You mention Andrew Forrest and Gina Rinehart in your article. Haven't they got the right to express their views? And there’s no denying they employ a lot of people, people who depend on them for their livelihoods.

Treasurer:

Yes certainly they do and 99 per cent of business people do the right thing by the country, but not everybody seeks to exert political power like some of those individuals that you've just talked about. They are openly seeking to exert an inordinate degree of political power and I am highlighting that fact.

Lane:

Opposition frontbencher, Christopher Pyne, says your essay is just class warfare and the pure politics of envy.

Treasurer:

That's just laughable. What I'm on about is opportunity. It's not about envy. It's about opportunity and ensuring that Australia remains the country of a fair go, that we are a beacon to other developed economies in the world that don't have the degree of equality that we have. We want to keep the fair go and that's why I've written the essay.

Lane:

If this is the way you feel, why isn't the Government taking stronger action to be more transparent in the lobbyists who can come to Canberra to talk with politicians about their interests?

More than 4,000 lobbyists will remain free from parliamentary scrutiny now because Labor and the Coalition yesterday rejected a call for regulations to be tightened.

Treasurer:

Well, we have as a Government put in place the first big reforms in this country's history when it comes to lobbyists.
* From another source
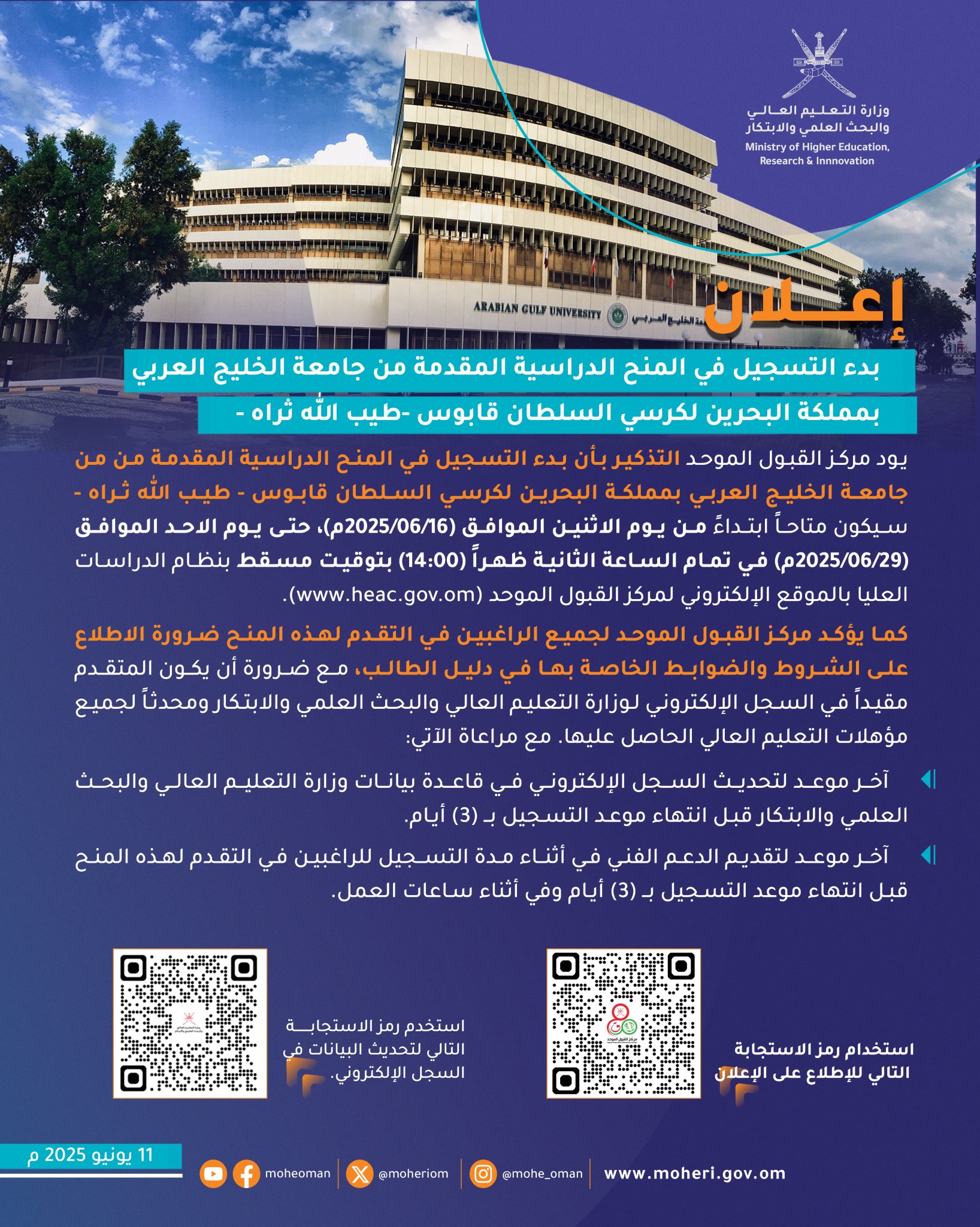 مركز القبول الموحد - بدء التسجيل في المنح الدراسية المقدمة من جامعة الخليج العربي بمملكة البحرين لكرسي السلطان قابوس - طيب الله ثراه

That's what we've done and I'm pretty proud of our record.

Lane:

Should the Prime Minister have been more careful on Wednesday in describing an article about Bob Carr being approached to join politics as completely wrong?

Treasurer:

I just reject the characterisation of those events and the story that was in The Australian. I think the Prime Minister was accurate in her description of that story.

hat particular newspaper is conducting a particular campaign against the Government. It's been doing it for a long time and it'll keep doing it. That's their right. It's a free country with a free media.

Lane:

There were some incorrect details in that article but the fact that the Prime Minister had talked to Bob Carr is true and now she's admitted that in Parliament.

Treasurer:

This is ridiculous. Mr Carr made a statement that backed up what the Prime Minister said.

Lane:

Is it a missed opportunity getting Bob Carr into federal politics?

Treasurer:

The Prime Minister will be outlining the ministry, I think, in the not too distant future and I'll leave those matters to her.

Lane:

Would he have made a better foreign minister than Stephen Smith?

Treasurer:

Well, as I said I'll leave the matters to the announcement of the ministry to the Prime Minister.